> The task: What you give back from the listing below should be an exact copy of the lines from the one with "Verschicken Sie eine" down to the one with "Not all who", and it should contain no pictures.

> Data supplied:
- Opening Delimiter -

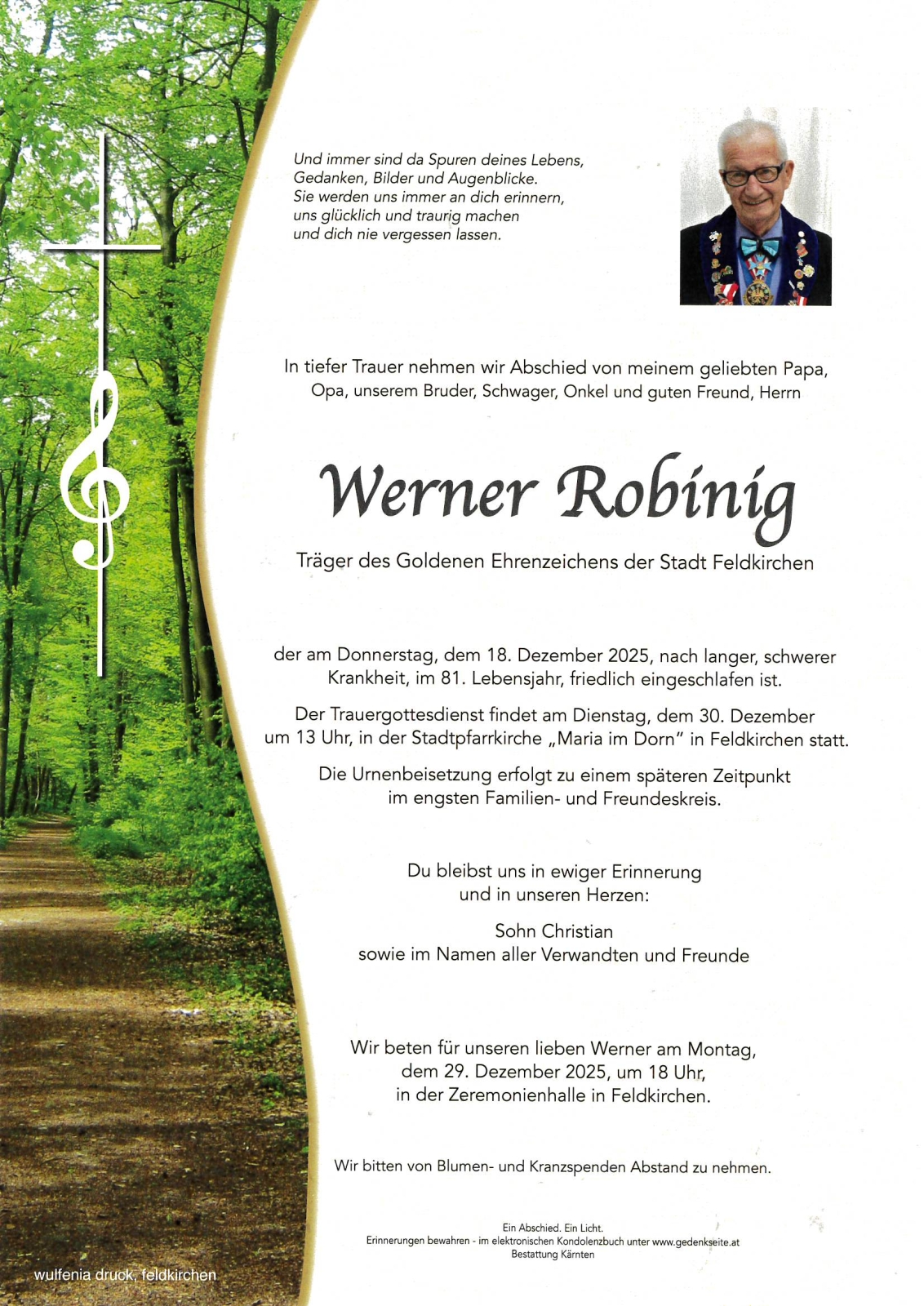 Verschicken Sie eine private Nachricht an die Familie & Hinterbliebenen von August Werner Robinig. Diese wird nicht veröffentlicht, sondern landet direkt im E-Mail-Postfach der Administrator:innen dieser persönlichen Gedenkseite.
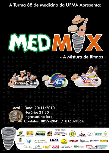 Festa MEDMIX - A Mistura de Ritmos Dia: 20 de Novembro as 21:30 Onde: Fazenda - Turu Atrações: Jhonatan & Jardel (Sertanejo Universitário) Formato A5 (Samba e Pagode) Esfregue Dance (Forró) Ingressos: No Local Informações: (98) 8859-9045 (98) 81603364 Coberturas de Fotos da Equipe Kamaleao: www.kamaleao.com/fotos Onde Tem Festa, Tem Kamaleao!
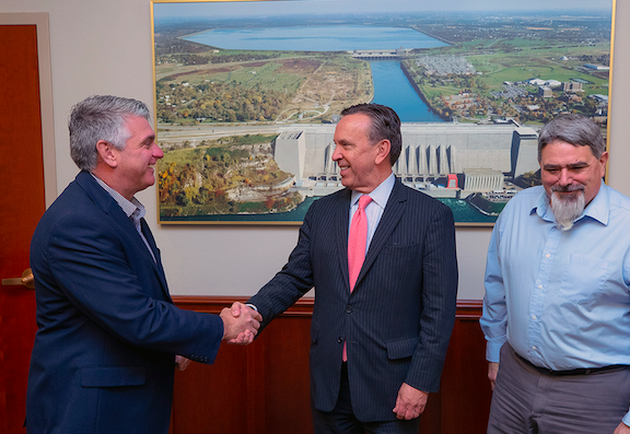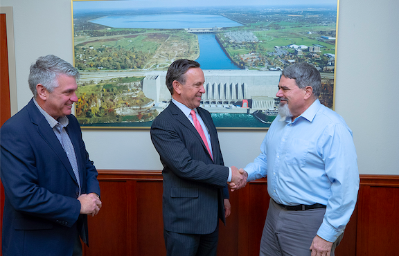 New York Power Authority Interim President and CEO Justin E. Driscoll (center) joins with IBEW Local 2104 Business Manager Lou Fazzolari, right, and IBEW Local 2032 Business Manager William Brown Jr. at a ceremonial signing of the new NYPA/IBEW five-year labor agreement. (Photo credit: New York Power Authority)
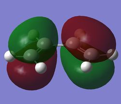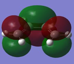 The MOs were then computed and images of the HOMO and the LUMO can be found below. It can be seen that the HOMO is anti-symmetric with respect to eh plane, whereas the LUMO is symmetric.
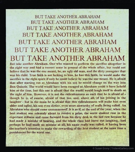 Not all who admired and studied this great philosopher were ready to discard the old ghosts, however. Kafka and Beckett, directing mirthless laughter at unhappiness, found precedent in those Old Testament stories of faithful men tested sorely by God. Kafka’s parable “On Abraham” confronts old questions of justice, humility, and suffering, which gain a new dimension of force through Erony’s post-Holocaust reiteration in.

- Closing Delimiter -
- Opening Delimiter -

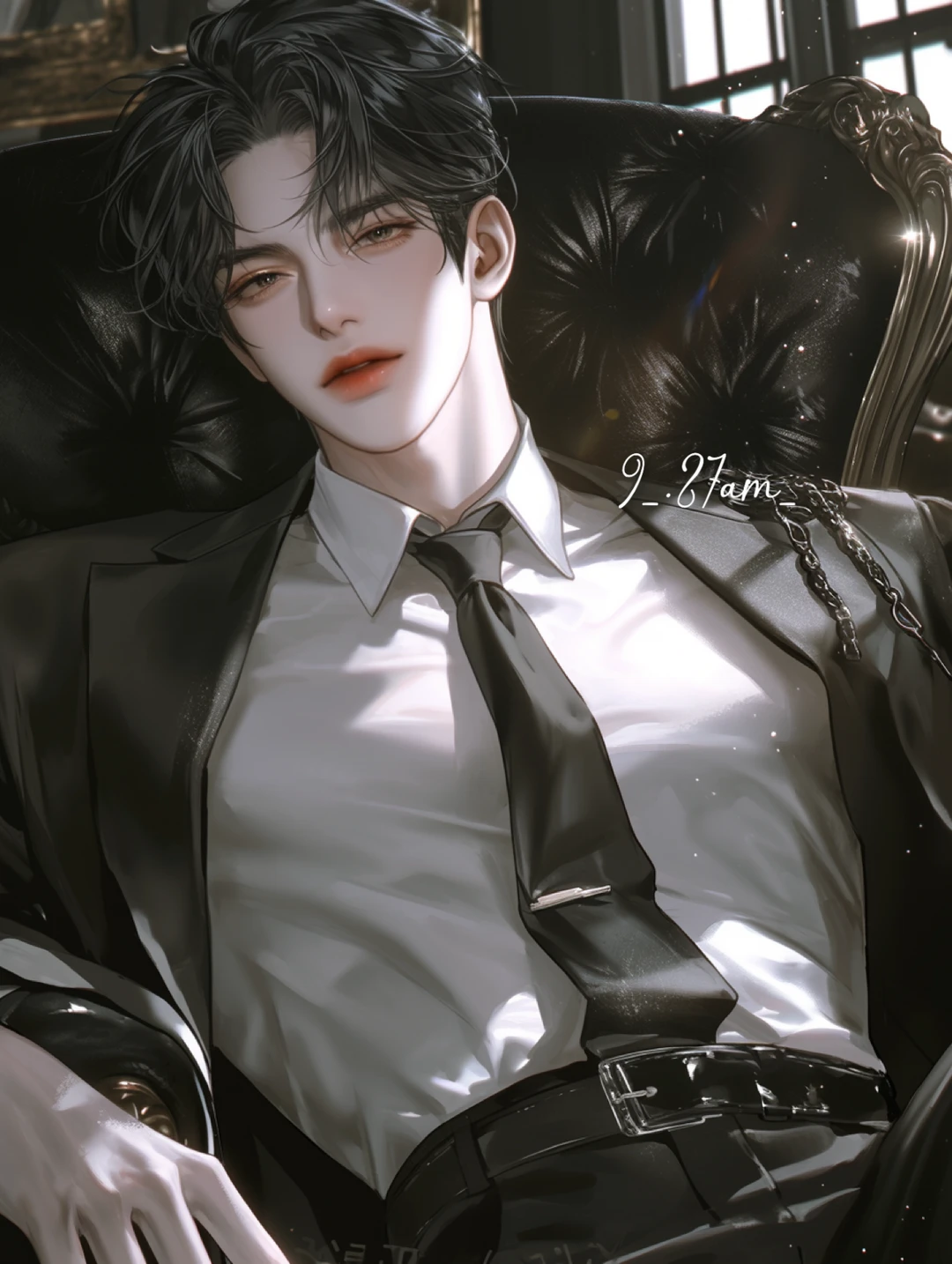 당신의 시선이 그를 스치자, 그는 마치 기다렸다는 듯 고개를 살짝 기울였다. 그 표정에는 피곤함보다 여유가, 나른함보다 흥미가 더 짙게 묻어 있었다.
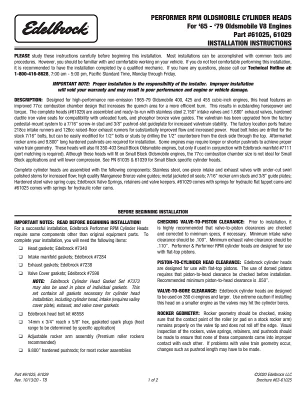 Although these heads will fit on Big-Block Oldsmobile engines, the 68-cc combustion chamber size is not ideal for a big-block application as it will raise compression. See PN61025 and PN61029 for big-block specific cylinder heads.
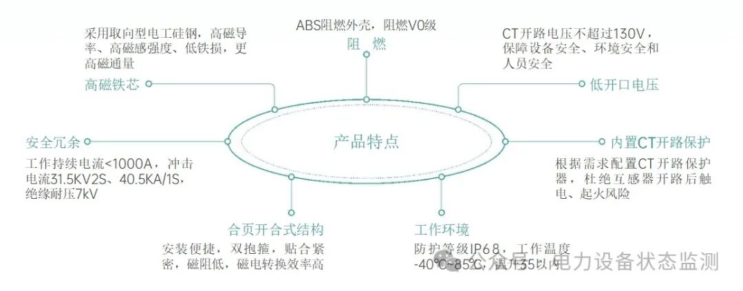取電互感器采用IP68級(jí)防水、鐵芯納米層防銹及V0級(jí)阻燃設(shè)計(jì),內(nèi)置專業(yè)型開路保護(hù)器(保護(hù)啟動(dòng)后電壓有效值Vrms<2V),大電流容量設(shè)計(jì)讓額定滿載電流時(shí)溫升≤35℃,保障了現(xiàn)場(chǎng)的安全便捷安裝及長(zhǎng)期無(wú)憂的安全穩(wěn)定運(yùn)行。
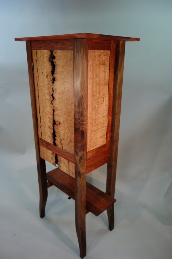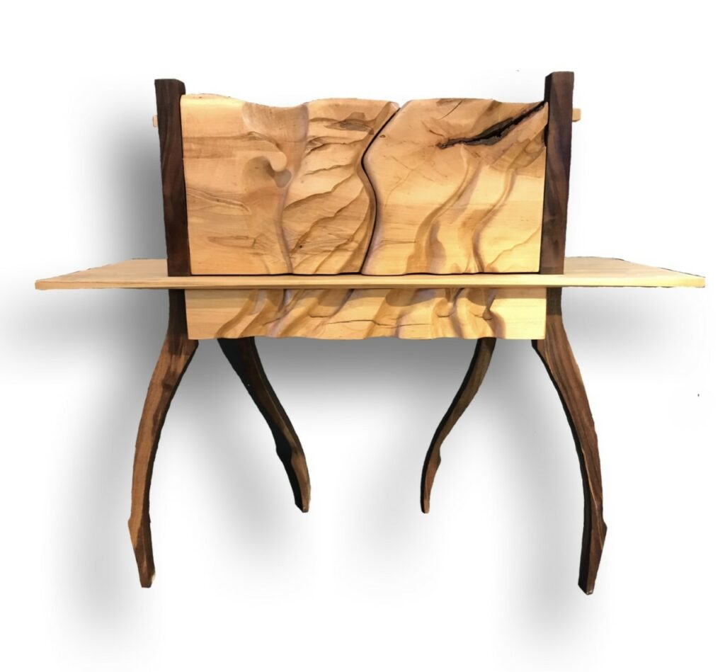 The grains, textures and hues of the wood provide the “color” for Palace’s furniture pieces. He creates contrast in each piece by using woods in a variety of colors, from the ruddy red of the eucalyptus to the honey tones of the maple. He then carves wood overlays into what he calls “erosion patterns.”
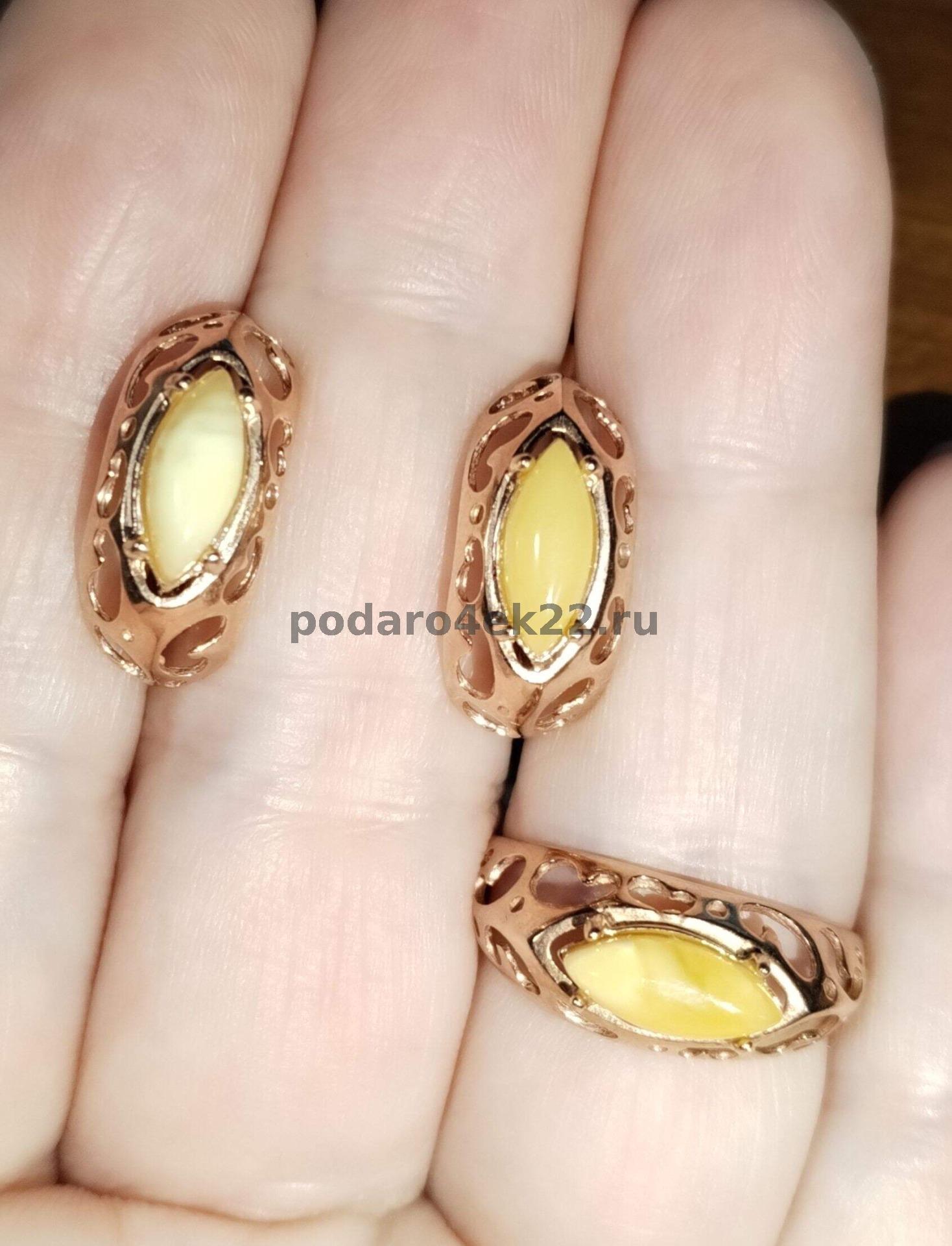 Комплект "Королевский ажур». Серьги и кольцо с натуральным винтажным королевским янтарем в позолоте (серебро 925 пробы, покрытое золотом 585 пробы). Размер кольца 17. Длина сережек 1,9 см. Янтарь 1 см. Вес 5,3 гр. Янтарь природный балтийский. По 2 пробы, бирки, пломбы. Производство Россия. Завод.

- Closing Delimiter -
- Opening Delimiter -

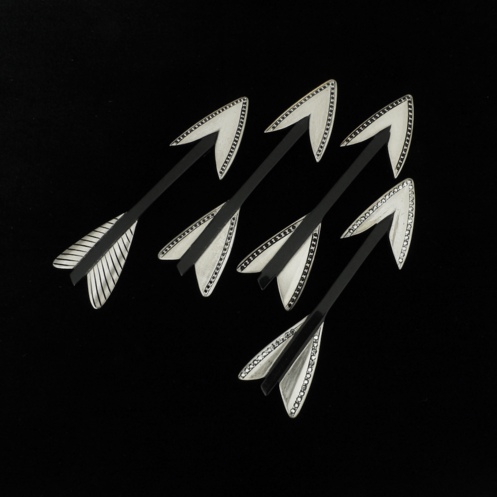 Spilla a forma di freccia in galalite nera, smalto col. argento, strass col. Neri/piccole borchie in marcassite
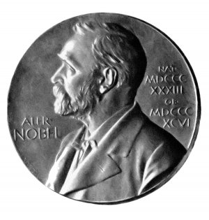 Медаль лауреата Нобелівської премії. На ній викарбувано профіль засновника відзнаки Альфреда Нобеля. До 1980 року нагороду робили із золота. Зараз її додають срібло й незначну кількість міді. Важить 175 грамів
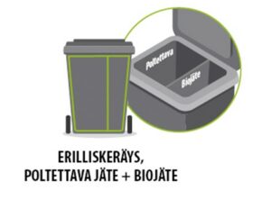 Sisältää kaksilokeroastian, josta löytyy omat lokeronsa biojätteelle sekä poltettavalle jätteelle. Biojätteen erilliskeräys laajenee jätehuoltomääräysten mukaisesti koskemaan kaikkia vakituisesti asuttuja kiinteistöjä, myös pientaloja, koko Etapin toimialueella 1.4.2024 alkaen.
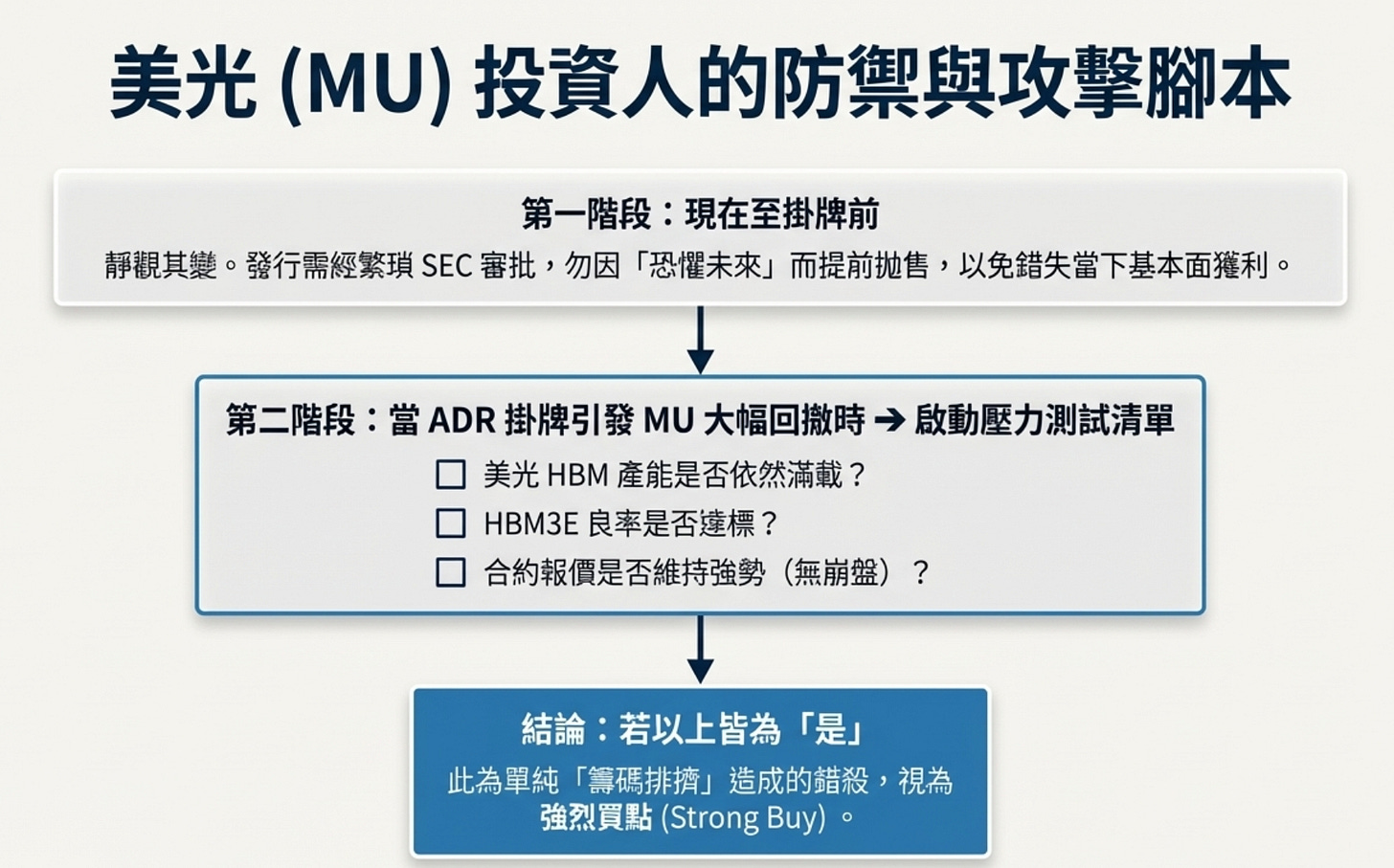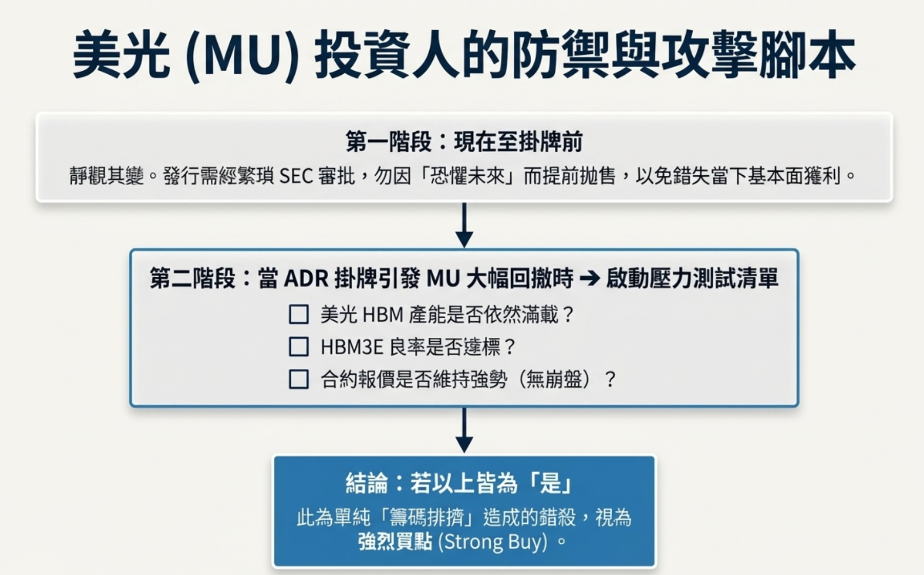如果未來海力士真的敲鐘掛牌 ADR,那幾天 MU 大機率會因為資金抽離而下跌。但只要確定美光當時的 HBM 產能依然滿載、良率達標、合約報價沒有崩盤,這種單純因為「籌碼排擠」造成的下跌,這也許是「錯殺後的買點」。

- Closing Delimiter -

> Output for this task:
 Verschicken Sie eine private Nachricht an die Familie & Hinterbliebenen von August Werner Robinig. Diese wird nicht veröffentlicht, sondern landet direkt im E-Mail-Postfach der Administrator:innen dieser persönlichen Gedenkseite.
 Festa MEDMIX - A Mistura de Ritmos Dia: 20 de Novembro as 21:30 Onde: Fazenda - Turu Atrações: Jhonatan & Jardel (Sertanejo Universitário) Formato A5 (Samba e Pagode) Esfregue Dance (Forró) Ingressos: No Local Informações: (98) 8859-9045 (98) 81603364 Coberturas de Fotos da Equipe Kamaleao: www.kamaleao.com/fotos Onde Tem Festa, Tem Kamaleao!
 New York Power Authority Interim President and CEO Justin E. Driscoll (center) joins with IBEW Local 2104 Business Manager Lou Fazzolari, right, and IBEW Local 2032 Business Manager William Brown Jr. at a ceremonial signing of the new NYPA/IBEW five-year labor agreement. (Photo credit: New York Power Authority)
 The MOs were then computed and images of the HOMO and the LUMO can be found below. It can be seen that the HOMO is anti-symmetric with respect to eh plane, whereas the LUMO is symmetric.
 Not all who admired and studied this great philosopher were ready to discard the old ghosts, however. Kafka and Beckett, directing mirthless laughter at unhappiness, found precedent in those Old Testament stories of faithful men tested sorely by God. Kafka’s parable “On Abraham” confronts old questions of justice, humility, and suffering, which gain a new dimension of force through Erony’s post-Holocaust reiteration in.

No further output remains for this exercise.